九点,同顺泰公司大楼。
陶展文回到临时居所,却见老朱坐在桌旁愁眉不展。酒生微晕,让陶展文开口也少了几分平时的稳重:“这不是朱老弟吗!怎的,遇上什么烦心事儿了?”
老朱一反常态地未搭茬儿,眉间的坎儿却愈发深了。陶展文这才觉着不妙,酒也醒了大半,问道:“出什么事儿了?瞧你愁得。”
老朱瞥了眼接待室那头,严肃道:“陶兄弟,这回事情可闹大了!纯小姐和世治少爷下午就出门了,到这会儿还不见回来。”

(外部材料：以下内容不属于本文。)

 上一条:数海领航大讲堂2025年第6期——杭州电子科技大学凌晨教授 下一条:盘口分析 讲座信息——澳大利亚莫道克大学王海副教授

陶展文扫了眼手表,笑道:“这才9点,你们紧张个什么?或许是去看电影了。”
“他俩出门前,可是说好要回来吃晚饭的。”
“两个大活人,也不是小孩儿了。迟些回来罢了,还能走丢了不成?”
“急的又不是咱……”老朱再次神秘兮兮地瞟了眼隔壁客厅,“我们等得,隔壁警察可等不得。我上来时,他们就在那儿等了,估摸着等好一阵儿了。他们可是点名要见乔世治!纯小姐也是,这大晚上的,带着大哥上哪儿消遣去了。”

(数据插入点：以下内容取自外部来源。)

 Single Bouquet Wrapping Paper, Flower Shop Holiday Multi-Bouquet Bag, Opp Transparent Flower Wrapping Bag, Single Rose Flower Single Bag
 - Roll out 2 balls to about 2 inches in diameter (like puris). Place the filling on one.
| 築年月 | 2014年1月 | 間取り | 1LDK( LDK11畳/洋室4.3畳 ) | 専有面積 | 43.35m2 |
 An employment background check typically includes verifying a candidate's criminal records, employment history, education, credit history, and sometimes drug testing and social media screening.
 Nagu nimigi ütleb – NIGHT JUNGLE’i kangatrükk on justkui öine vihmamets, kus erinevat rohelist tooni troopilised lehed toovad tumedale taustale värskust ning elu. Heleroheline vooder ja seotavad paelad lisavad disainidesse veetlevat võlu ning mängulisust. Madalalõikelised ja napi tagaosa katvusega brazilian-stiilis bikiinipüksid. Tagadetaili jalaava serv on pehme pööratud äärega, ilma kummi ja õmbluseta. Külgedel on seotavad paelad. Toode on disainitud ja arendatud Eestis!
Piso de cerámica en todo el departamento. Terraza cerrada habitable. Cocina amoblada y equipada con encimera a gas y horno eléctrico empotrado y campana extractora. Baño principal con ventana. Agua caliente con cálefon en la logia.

“唔……”晌午时分,女孩儿在离开客厅前那别有意味的回眸,重现在陶展文脑海中。女孩儿曾为扑朔迷离的案情指出一条道路,但就现状而言,这条路怕未必走得通——作案后登上屋顶,待众人赶到现场,再趁乱爬下——能够神不知鬼不觉地实现这一连串动作的,就目前看来,便只有一郎一人。然而这唯一的嫌疑人,偏偏有着雷打不动的不在场证明!“干杯”老板娘或许还有可能包庇老主顾,但那酒鬼男工可没理由犯险伪证。这不在场证明怕是挑不出刺来。
持有最合理作案动机的嫌疑人,竟第一个被排除在外。但仔细想想,那屋顶可没有落脚之处,要神鬼不知地在上头潜伏两小时谈何容易。这一推论,还是有诸多漏洞的。
陶展文的直觉告诉自己,女孩儿临行前的那一回眸,与本次的案情无关,反倒像是在……道别?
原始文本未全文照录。